• [TASK DESCRIPTION] Print the material below exactly as it stands, please, from its first line to the line holding "成忠老师详细讲解了我国创新创", with no pictures.

• [DATA]
_ _ _ _ _ _ _

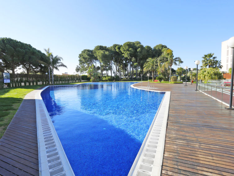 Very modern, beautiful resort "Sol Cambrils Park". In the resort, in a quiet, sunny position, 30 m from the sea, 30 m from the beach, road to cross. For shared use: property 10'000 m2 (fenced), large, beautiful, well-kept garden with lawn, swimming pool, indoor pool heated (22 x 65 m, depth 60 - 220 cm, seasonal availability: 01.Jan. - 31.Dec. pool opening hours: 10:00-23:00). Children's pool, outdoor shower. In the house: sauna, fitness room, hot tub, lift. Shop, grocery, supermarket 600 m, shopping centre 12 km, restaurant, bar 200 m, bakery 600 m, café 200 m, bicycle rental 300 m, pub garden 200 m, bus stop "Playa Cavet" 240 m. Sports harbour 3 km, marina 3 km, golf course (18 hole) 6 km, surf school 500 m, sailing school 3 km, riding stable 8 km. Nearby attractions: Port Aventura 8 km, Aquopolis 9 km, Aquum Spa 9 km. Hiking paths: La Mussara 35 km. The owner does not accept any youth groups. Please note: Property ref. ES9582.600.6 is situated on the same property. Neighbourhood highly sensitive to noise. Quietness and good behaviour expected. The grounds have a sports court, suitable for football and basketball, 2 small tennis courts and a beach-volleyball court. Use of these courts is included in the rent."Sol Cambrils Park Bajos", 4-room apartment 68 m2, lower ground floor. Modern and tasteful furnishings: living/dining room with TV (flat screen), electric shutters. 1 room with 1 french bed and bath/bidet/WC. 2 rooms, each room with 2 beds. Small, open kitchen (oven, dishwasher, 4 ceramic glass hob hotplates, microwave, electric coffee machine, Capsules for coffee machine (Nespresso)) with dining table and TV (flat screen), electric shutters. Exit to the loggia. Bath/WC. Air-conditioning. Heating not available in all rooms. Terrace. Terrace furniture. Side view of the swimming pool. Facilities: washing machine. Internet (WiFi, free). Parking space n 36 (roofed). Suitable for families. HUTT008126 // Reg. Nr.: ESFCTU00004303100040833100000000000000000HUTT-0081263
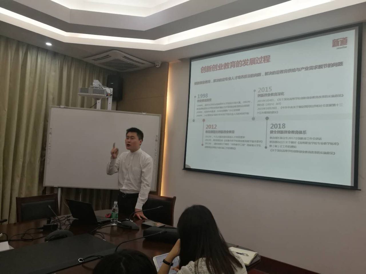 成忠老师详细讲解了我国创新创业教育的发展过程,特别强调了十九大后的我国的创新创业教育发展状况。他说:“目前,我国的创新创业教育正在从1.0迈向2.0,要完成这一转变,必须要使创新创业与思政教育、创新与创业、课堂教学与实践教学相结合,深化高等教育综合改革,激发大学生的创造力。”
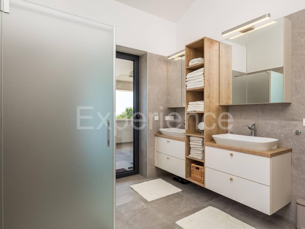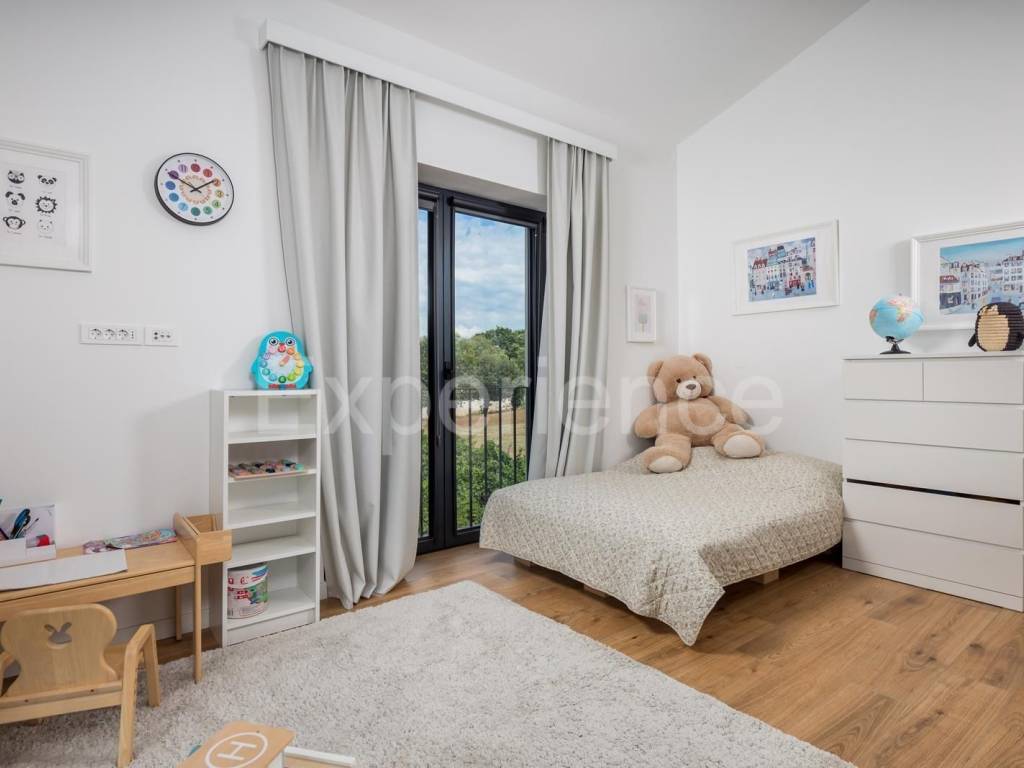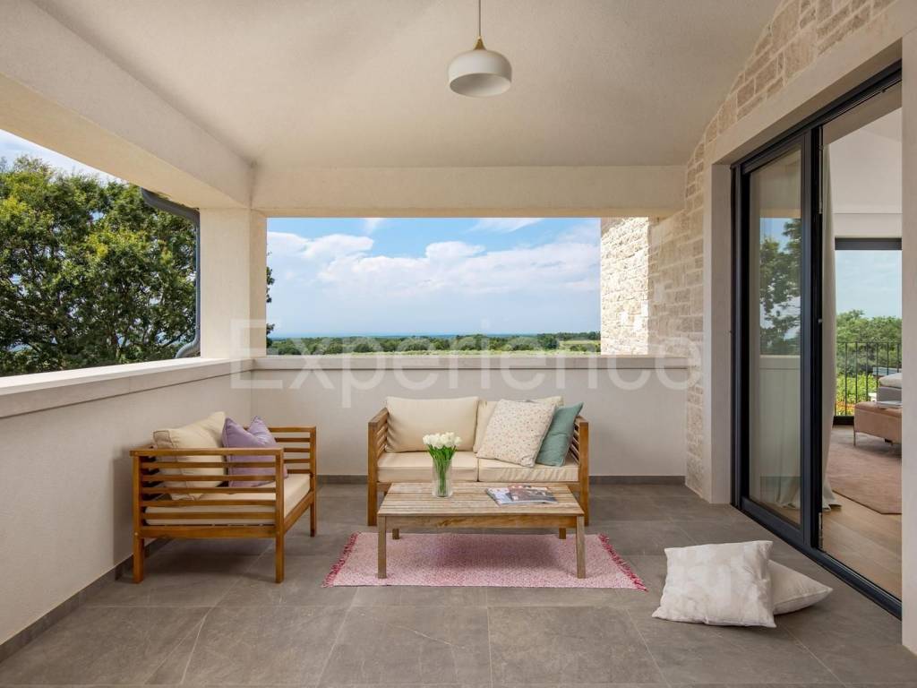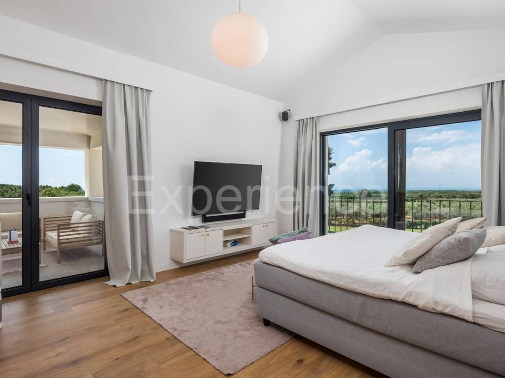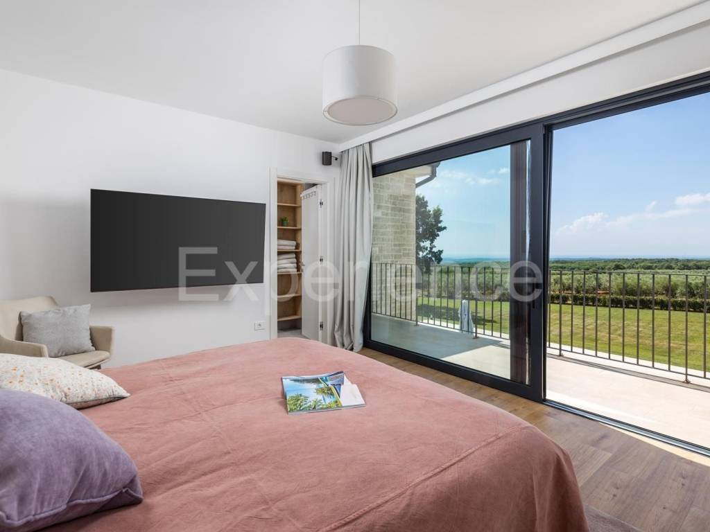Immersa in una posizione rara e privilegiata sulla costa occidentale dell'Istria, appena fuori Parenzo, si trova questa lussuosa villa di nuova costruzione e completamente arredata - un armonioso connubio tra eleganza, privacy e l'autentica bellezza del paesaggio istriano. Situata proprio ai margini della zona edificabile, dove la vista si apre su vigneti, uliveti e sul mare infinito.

_ _ _ _ _ _ _

• [TASK SOLUTION]
 Very modern, beautiful resort "Sol Cambrils Park". In the resort, in a quiet, sunny position, 30 m from the sea, 30 m from the beach, road to cross. For shared use: property 10'000 m2 (fenced), large, beautiful, well-kept garden with lawn, swimming pool, indoor pool heated (22 x 65 m, depth 60 - 220 cm, seasonal availability: 01.Jan. - 31.Dec. pool opening hours: 10:00-23:00). Children's pool, outdoor shower. In the house: sauna, fitness room, hot tub, lift. Shop, grocery, supermarket 600 m, shopping centre 12 km, restaurant, bar 200 m, bakery 600 m, café 200 m, bicycle rental 300 m, pub garden 200 m, bus stop "Playa Cavet" 240 m. Sports harbour 3 km, marina 3 km, golf course (18 hole) 6 km, surf school 500 m, sailing school 3 km, riding stable 8 km. Nearby attractions: Port Aventura 8 km, Aquopolis 9 km, Aquum Spa 9 km. Hiking paths: La Mussara 35 km. The owner does not accept any youth groups. Please note: Property ref. ES9582.600.6 is situated on the same property. Neighbourhood highly sensitive to noise. Quietness and good behaviour expected. The grounds have a sports court, suitable for football and basketball, 2 small tennis courts and a beach-volleyball court. Use of these courts is included in the rent."Sol Cambrils Park Bajos", 4-room apartment 68 m2, lower ground floor. Modern and tasteful furnishings: living/dining room with TV (flat screen), electric shutters. 1 room with 1 french bed and bath/bidet/WC. 2 rooms, each room with 2 beds. Small, open kitchen (oven, dishwasher, 4 ceramic glass hob hotplates, microwave, electric coffee machine, Capsules for coffee machine (Nespresso)) with dining table and TV (flat screen), electric shutters. Exit to the loggia. Bath/WC. Air-conditioning. Heating not available in all rooms. Terrace. Terrace furniture. Side view of the swimming pool. Facilities: washing machine. Internet (WiFi, free). Parking space n 36 (roofed). Suitable for families. HUTT008126 // Reg. Nr.: ESFCTU00004303100040833100000000000000000HUTT-0081263
 成忠老师详细讲解了我国创新创业教育的发展过程,特别强调了十九大后的我国的创新创业教育发展状况。他说:“目前,我国的创新创业教育正在从1.0迈向2.0,要完成这一转变,必须要使创新创业与思政教育、创新与创业、课堂教学与实践教学相结合,深化高等教育综合改革,激发大学生的创造力。”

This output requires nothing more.